Cloud challenges: Heterogeneity

Completed

Cloud datacenters comprise various collections of components, including computers, networks, operating systems (OSs), code libraries, and programming languages. In principle, if there is variety and difference in datacenter components, the cloud is referred to as a heterogeneous cloud. Otherwise, the cloud is denoted as a homogenous cloud. In practice, homogeneity does not always hold, mainly due to two reasons:

  • Cloud providers typically maintain multiple generations of IT resources, purchased over different time frames.
  • Cloud providers are increasingly applying virtualization technology on their clouds to consolidate servers, enhance system utilization, and simplify management. Public clouds are primarily virtualized datacenters.
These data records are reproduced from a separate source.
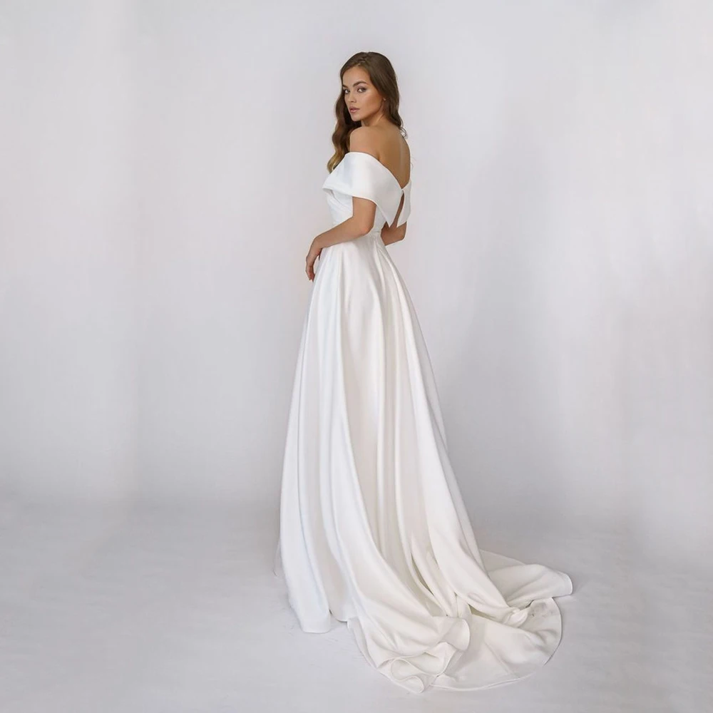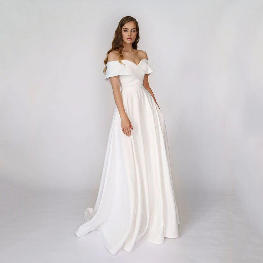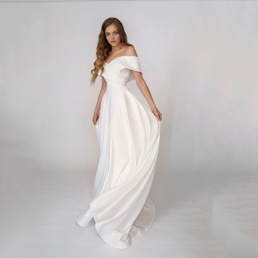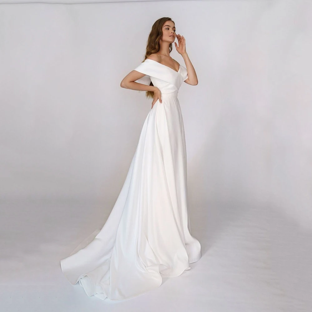 Простое свадебное платье UZN, а-силуэт, с открытыми плечами и короткими рукавами, с V-образным вырезом, мягкое атласное свадебное платье на молнии сзади, платье для невесты
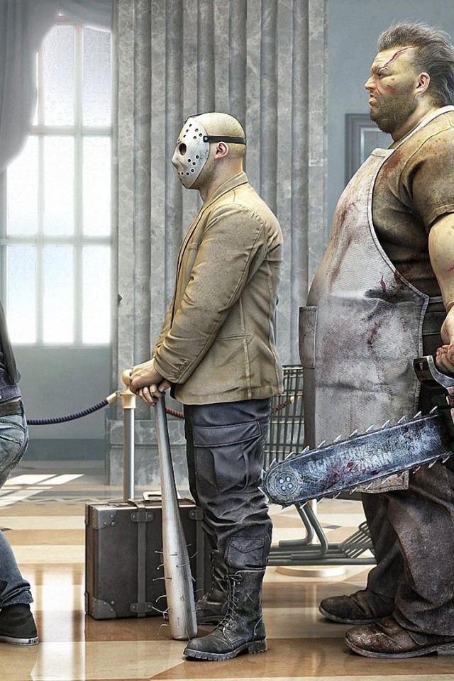 смешно грабители банка в ожидание ограбить стоят в очереди - iPhone 4/4S/iPod
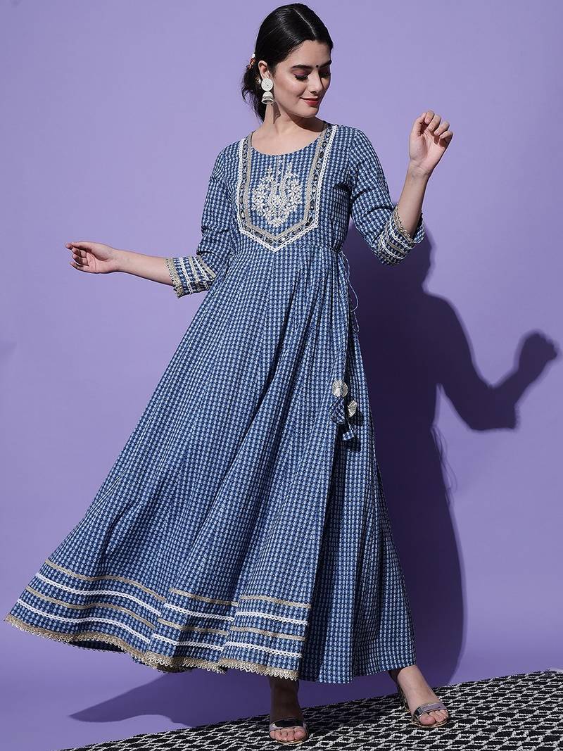 Blue Ethnic Motif Printed With Embroidery Work Cotton Anarkali Kurta
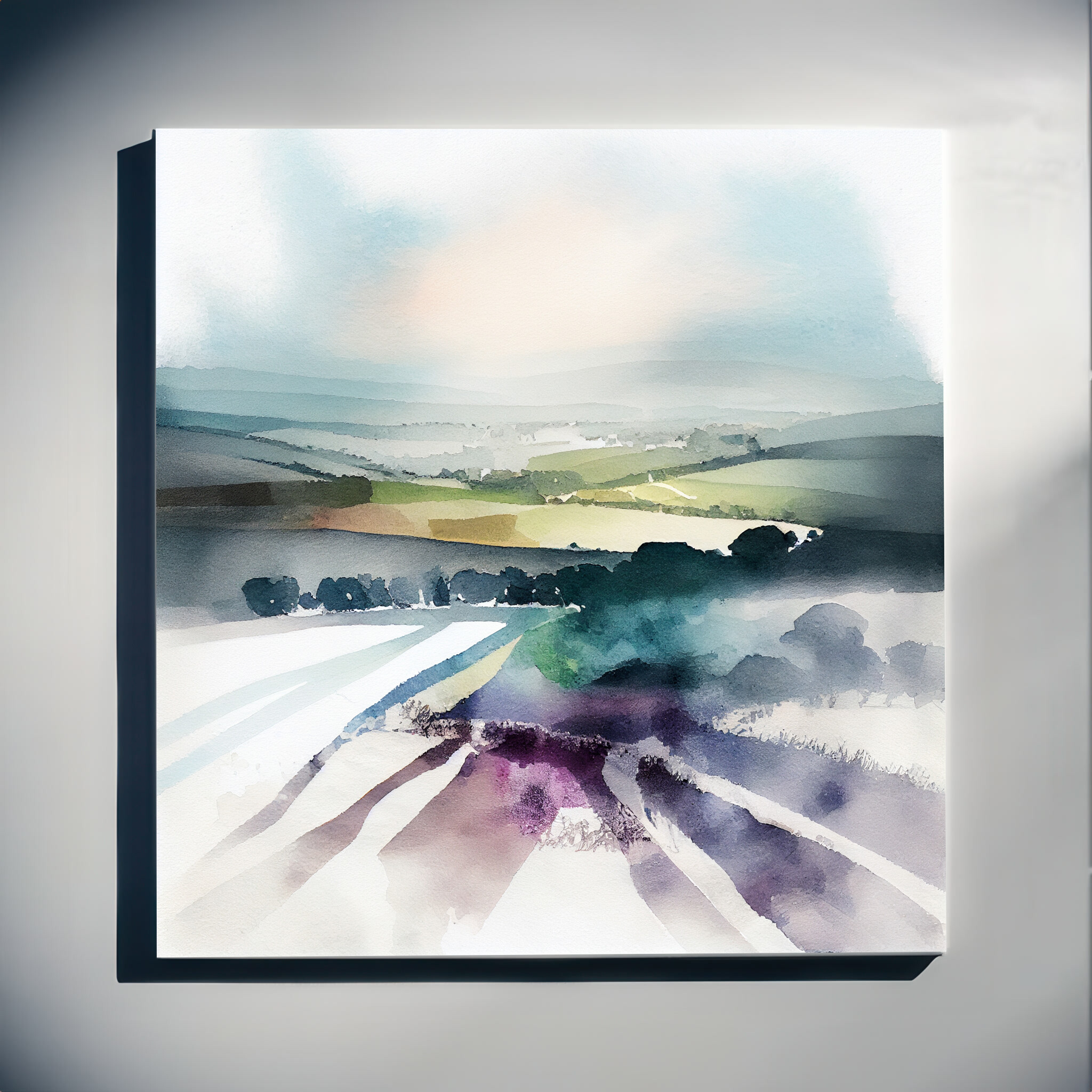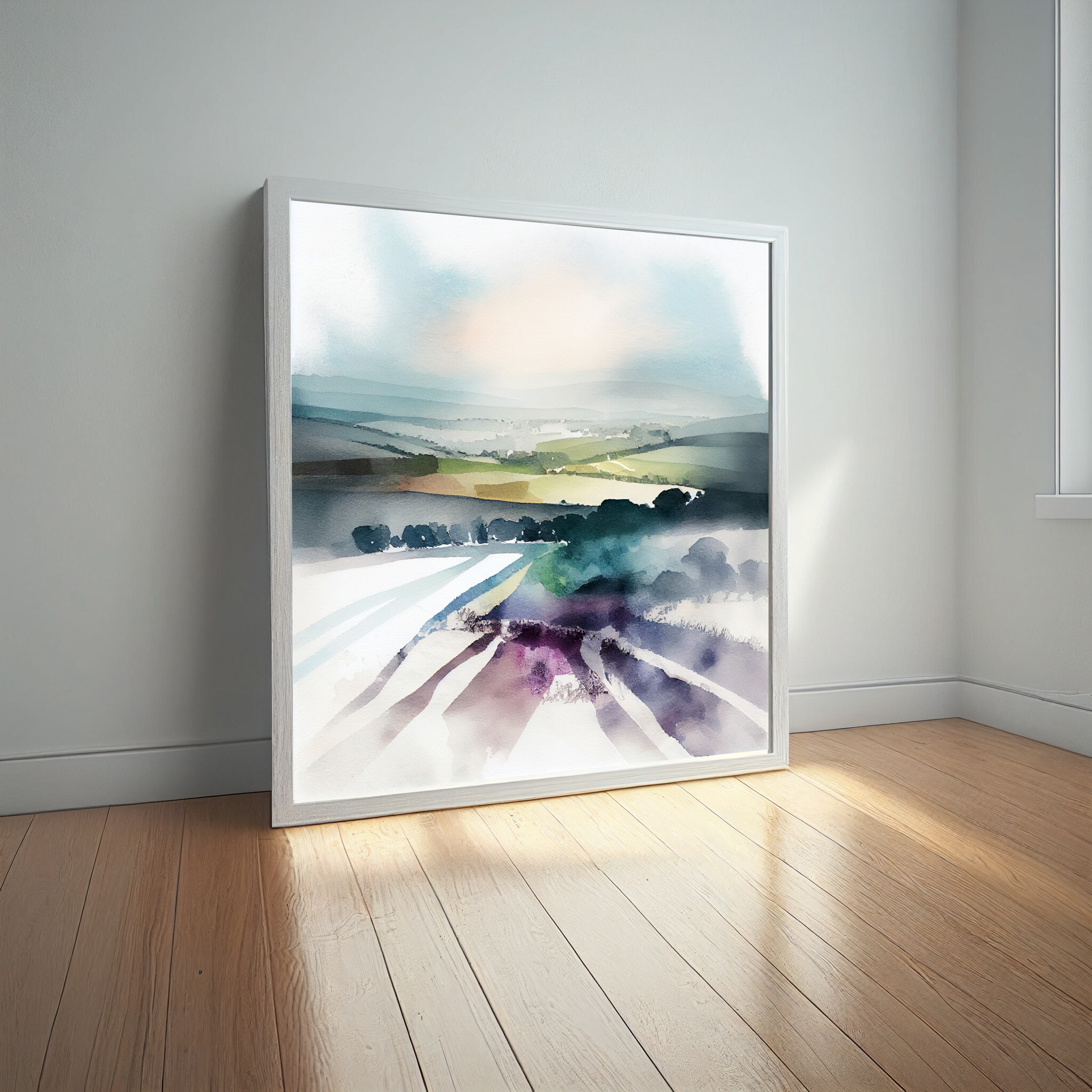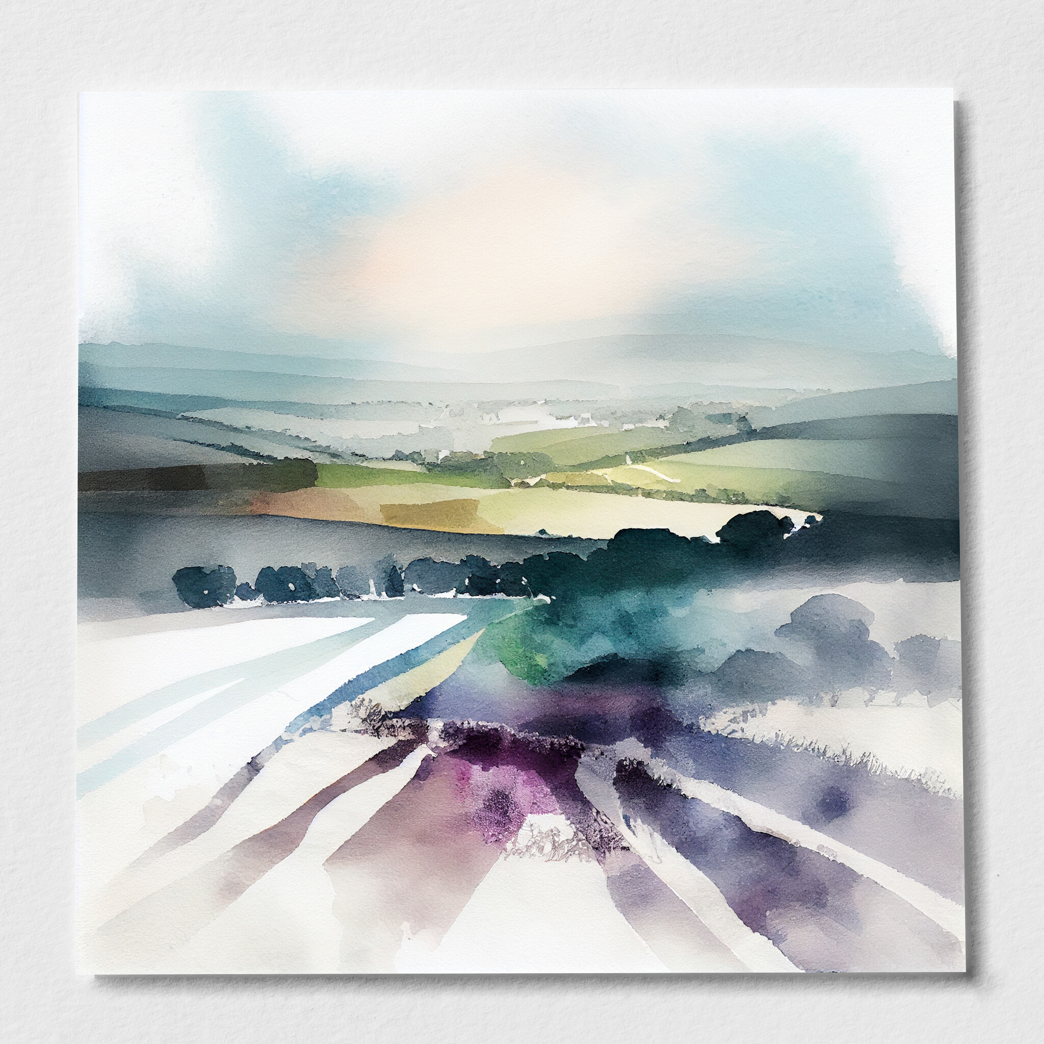 Experience the serene beauty of the Southdowns with this abstract landscape artwork. The piece captures the rolling hills and expansive vistas with soft earth tones and green hues, providing a tranquil and modern aesthetic perfect for your living space.
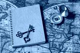 Compass, antique keys and notebook on blur vintage world map, journey concept, copy space
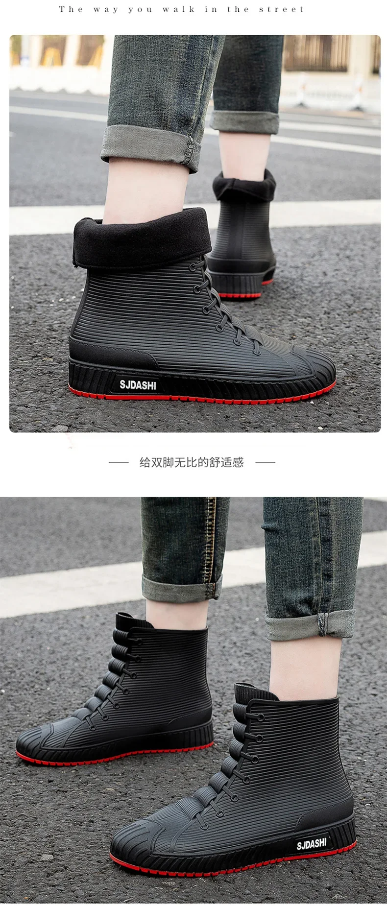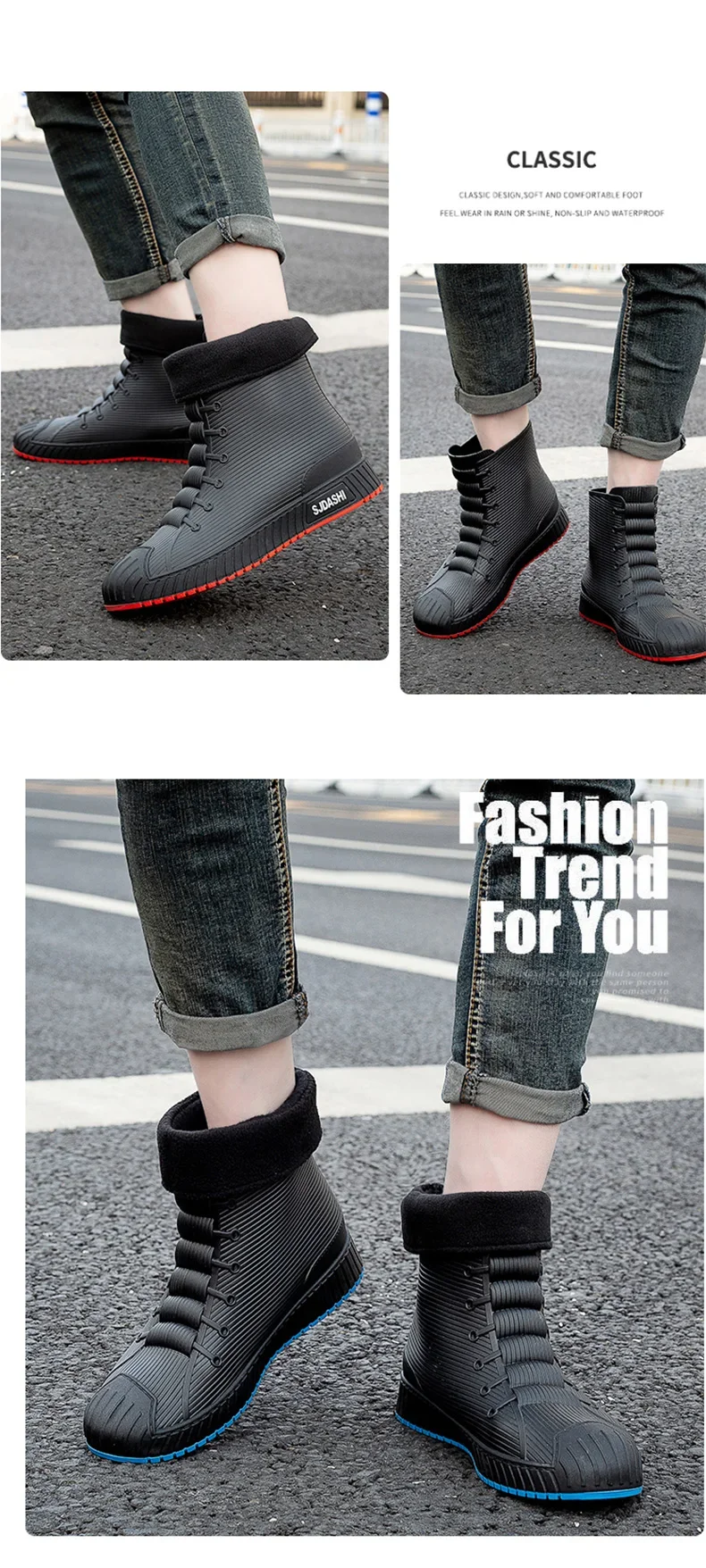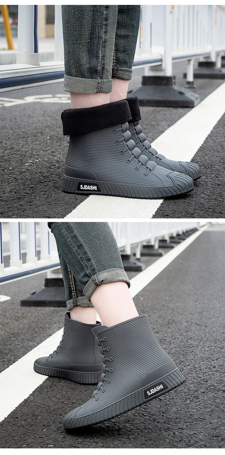 Nuevas botas impermeables de caña corta para hombre y mujer, forradas con forro polar, cálidas, antideslizantes, resistentes al desgaste, ideales para la lluvia y el exterior.
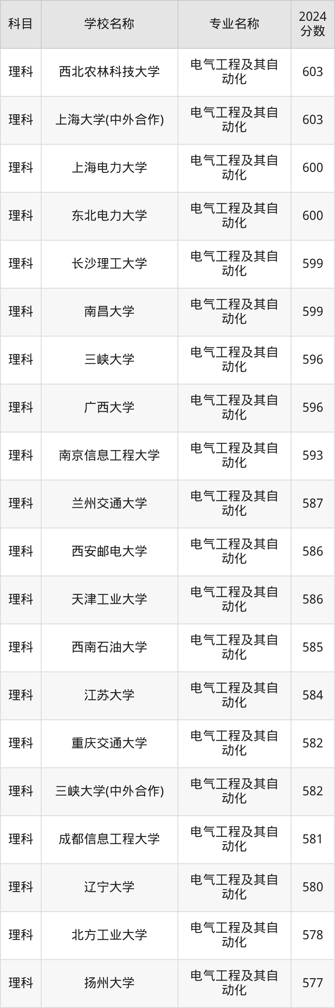 | 昆明理工大学 | 电气工程及其自 动化 | 589 |
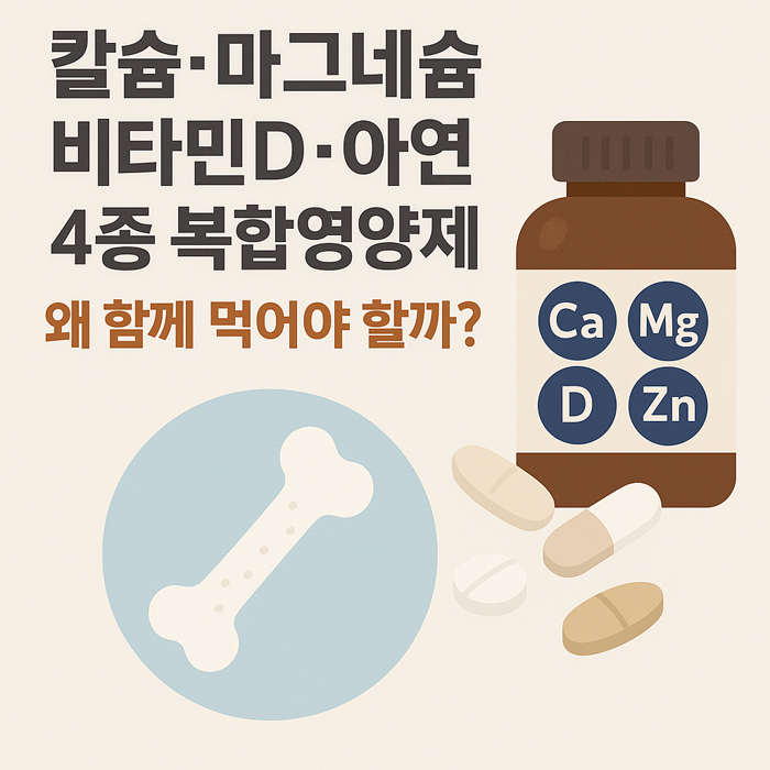 칼슘·마그네슘·비타민D·아연 4종 복합영양제는 서로의 효과를 높이며 뼈 건강, 면역력, 신경 기능까지 종합적으로 관리할 수 있는 이상적인 조합입니다. 중장년층, 폐경기 여성, 수면 문제나 근육 경련이 있는 분들에게 추천되는 '하루 한 알 건강 습관'이 될 수 있습니다.

Even on private clouds, virtualized environments are expected to become the norm.1

Heterogeneity is a direct result of virtualized environments, and colocating virtual machines (VMs) on similar physical machines can cause heterogeneity. Consider, for example, two identical physical machines, A and B. Even assuming identical VMs running the same programs, placing one VM on machine A and 10 VMs on machine B will stress the second machine more than the first. Having dissimilar VMs and diverse, demanding programs is even more probable on the cloud, and the situation is worse there. An especially compelling setting is Azure, which offers more than 30 VM types5 for millions of users with different programs. Clearly, this situation creates even more heterogeneity. In short, heterogeneity is already and will continue to be the norm on the cloud.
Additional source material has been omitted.